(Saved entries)
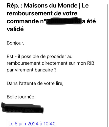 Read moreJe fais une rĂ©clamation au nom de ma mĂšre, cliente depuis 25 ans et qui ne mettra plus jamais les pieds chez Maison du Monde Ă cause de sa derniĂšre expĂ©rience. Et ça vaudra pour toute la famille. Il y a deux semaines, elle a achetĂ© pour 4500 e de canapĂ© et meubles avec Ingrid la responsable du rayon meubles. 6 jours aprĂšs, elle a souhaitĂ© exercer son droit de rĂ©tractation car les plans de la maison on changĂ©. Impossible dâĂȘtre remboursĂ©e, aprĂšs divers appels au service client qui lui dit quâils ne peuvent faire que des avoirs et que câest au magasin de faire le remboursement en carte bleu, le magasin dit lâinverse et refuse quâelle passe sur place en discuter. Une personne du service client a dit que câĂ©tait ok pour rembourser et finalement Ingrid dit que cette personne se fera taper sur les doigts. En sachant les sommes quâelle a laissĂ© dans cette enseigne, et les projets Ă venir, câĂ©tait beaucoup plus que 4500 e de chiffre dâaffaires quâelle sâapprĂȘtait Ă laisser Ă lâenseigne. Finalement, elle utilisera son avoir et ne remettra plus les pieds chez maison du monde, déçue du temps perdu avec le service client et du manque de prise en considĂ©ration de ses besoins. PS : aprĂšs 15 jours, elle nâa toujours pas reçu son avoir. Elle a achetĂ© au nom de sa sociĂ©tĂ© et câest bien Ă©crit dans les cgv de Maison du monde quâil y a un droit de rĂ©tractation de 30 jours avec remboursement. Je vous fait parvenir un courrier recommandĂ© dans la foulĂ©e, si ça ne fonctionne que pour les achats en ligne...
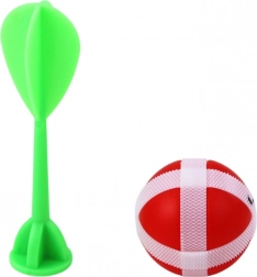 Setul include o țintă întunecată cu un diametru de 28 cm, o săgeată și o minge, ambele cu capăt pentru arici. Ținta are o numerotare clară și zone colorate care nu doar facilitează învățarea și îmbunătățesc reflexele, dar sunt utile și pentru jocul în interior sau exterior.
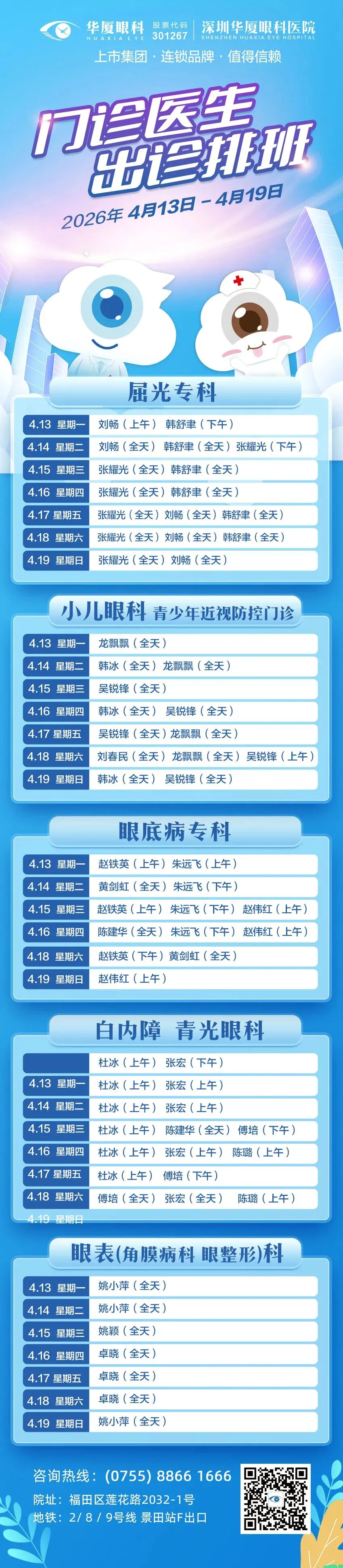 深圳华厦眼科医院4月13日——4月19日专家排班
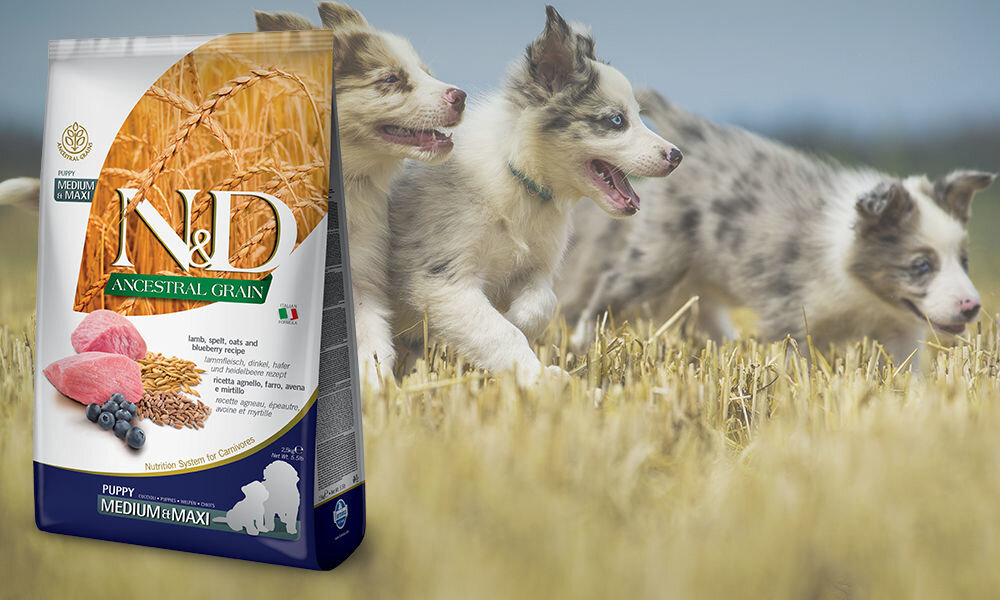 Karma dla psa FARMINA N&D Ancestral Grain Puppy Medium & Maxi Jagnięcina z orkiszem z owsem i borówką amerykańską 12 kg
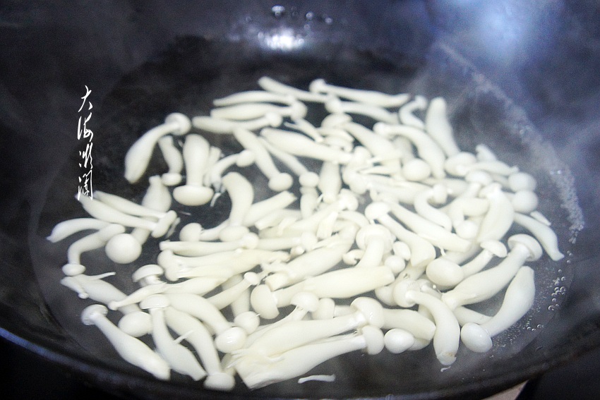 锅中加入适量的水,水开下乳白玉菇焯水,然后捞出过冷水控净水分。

- Task brief
Can the lines from the one with "Karma dla psa" to the end of the records above be quoted exactly, both ends included, with every picture omitted?

- Final answer
 Karma dla psa FARMINA N&D Ancestral Grain Puppy Medium & Maxi Jagnięcina z orkiszem z owsem i borówką amerykańską 12 kg
 锅中加入适量的水,水开下乳白玉菇焯水,然后捞出过冷水控净水分。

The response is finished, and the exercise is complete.